Persist public ids, treat the response envelope as stable, and let the route family shape your workflow
Build against the public contract as if your integration will live for years
The fastest way to make a Vidbyte integration fragile is to treat the API like a one-off prompt endpoint. The durable integration pattern is simpler: call the public route, persist the encrypted id, parse the shared response envelope, and let the route family determine how your application progresses from one step to the next.
Persist this
Encrypted ids
Store the returned public `id` exactly as given and use it for later lookups.
Parse this first
Shared envelope
Start with `success`, `id`, `data`, `token_stats`, `pricing`, and `error` before reading route-specific details.
Think in families
Route family workflows
Quickhits, roadmaps, quizzes, exams, and projects each have their own lifecycle expectations.
Identifiers
Treat public ids as opaque application handles
Vidbyte returns encrypted public ids instead of raw internal database identifiers. Persist them exactly as returned and do not infer structure from prefixes, lengths, or internal field names.

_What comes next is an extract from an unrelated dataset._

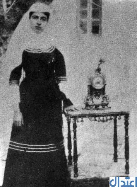 عکسی نایاب از زهراسلطان شاهزاده عزت السلطنه دختر مظفرالدین شاه قاجار و نوه امیرکبیر و همسر اول میرزا عبدالحسین فرمانفرما که در این عکس با لباس تیره و بلند، روسری به سر ودر کنار یک ساعت دیده میشود .

If you need to fetch, update, or continue a resource later, use the public id boundary the API gives you rather than trying to reconstruct anything behind it.
Response parsing
Write your parser around the shared response envelope first
The route-specific `data` payload changes shape across resource families, but the top-level response contract is intentionally stable. Parse the common envelope first and only then branch into route-specific rendering or storage logic.
That pattern keeps your client code easier to maintain when you add more Vidbyte route families later.
Workflow design
Start from the learning artifact you actually need
Use Quickhits for short explanation output and fast smoke tests.
Use Roadmaps for sequenced plans and long-lived curriculum structure.
Use Quizzes or Exams for assessment-oriented products.
Use Projects when the learner should move through a staged build or artifact lifecycle.